The answer, I’ve come to believe, has three properties. It’s built on observable buyer behavior, not internal handoffs — intent signals, website engagement, buying committee coverage, late-funnel behavioral indicators. Things that exist whether marketing or sales claims credit for them. It’s shared, meaning both functions are measured on the same things — pipeline influenced, buying committee penetration, conversion at each behavioral stage. The arguments over MQL definitions disappear because the MQL is no longer the unit of account. And it’s defensible to the CFO. When the CEO and CFO ask why growth is harder than it should be, the answer isn’t a finger pointed across the table. It’s a shared dashboard with shared accountability for shared numbers.
One shared scoreboard — no handoff to game
Buying committee coverage
How many personas at the account are engaging
Pipeline influenced
Shared credit across marketing and sales touches
Behavioral stage conversion
Progression through observable buyer behavior
Behavioral
Not an internal handoff
Shared
Same numbers, both functions
Defensible
One story for the CFO
When the MQL stops being the unit of account, the incentive to game the metric goes away.

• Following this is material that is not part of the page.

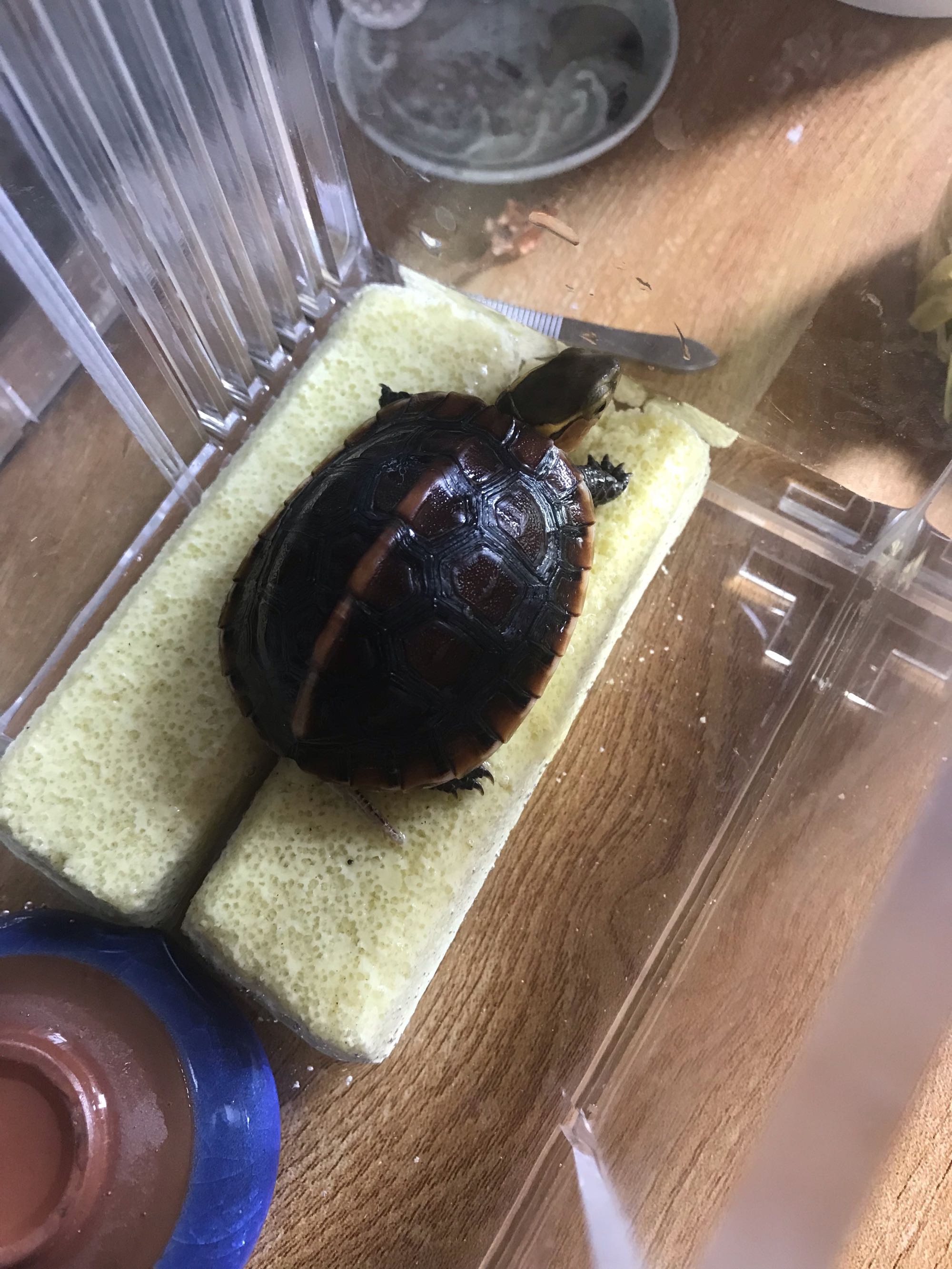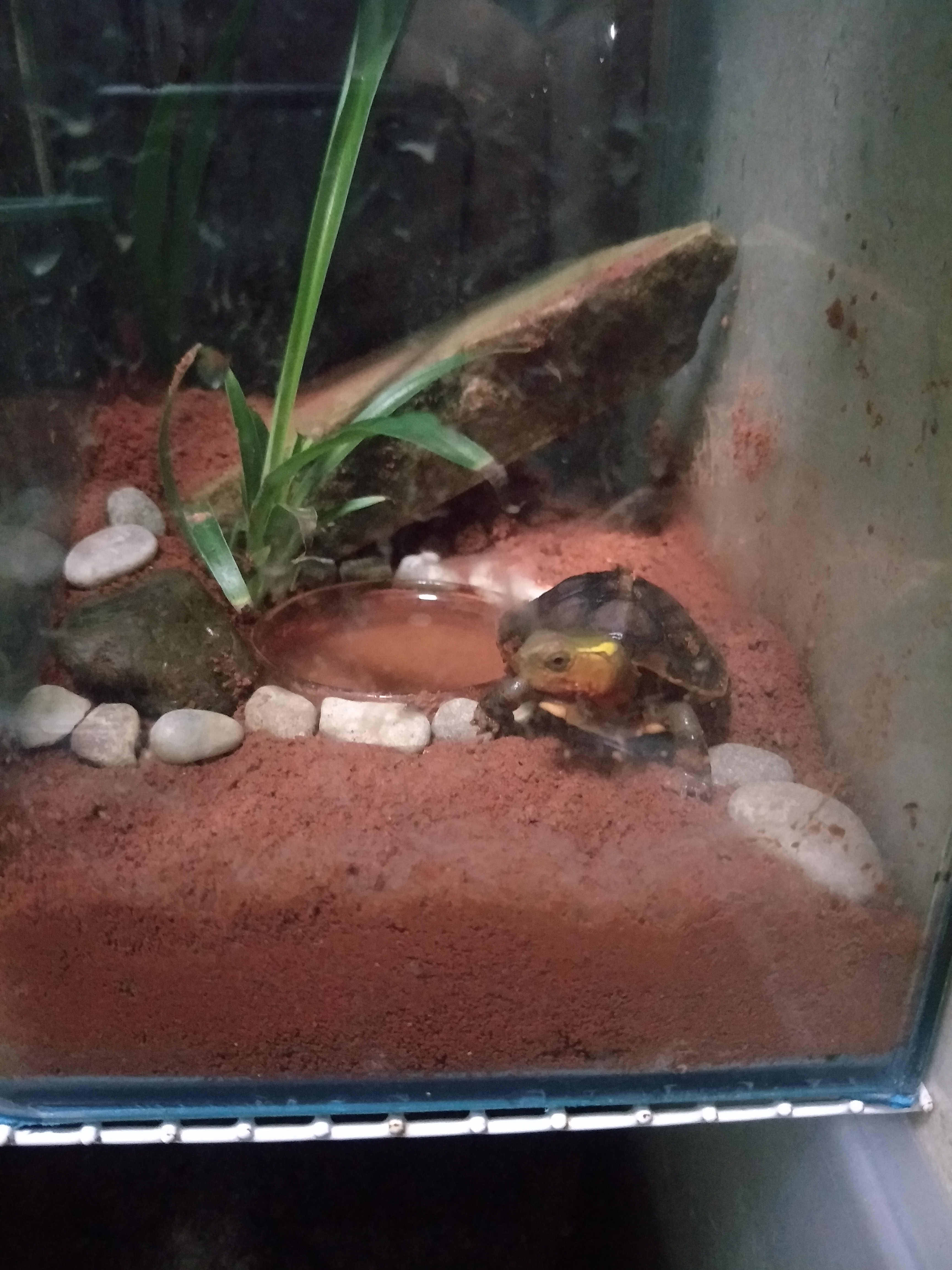 专门有个40×40的箱子,这是泡澡吃饭的,以前斗鱼用的排缸。刚到,在里面养两天,免得钻土。

To the CMOs and CROs Reading This
If there is friction in your partnership right now, I would gently suggest it is probably not personal. It is almost certainly structural. The MQL handoff is one of the most reliably relationship-damaging mechanisms still in widespread use in B2B, and it survives mostly because no one has stopped to ask why we still do it the way we do.
The teams that are getting this right are quietly retiring the MQL as the unit of account and replacing it with a behaviorally grounded scoreboard that both functions own. The friction goes away because the incentive to game the metric goes away.
I think about that lost friendship more than I expected to. Not because I think the relationship could have been saved — I’m honestly not sure it could have. But because I’ve come to believe the system we were operating inside put both of us in a position where someone was eventually going to make a choice like the one he made. I’d rather spend the rest of my career making sure other CMOs and CROs don’t end up in that same position than relitigate who was right.
Build the shared scoreboard. Retire the handoff. Protect the partnership.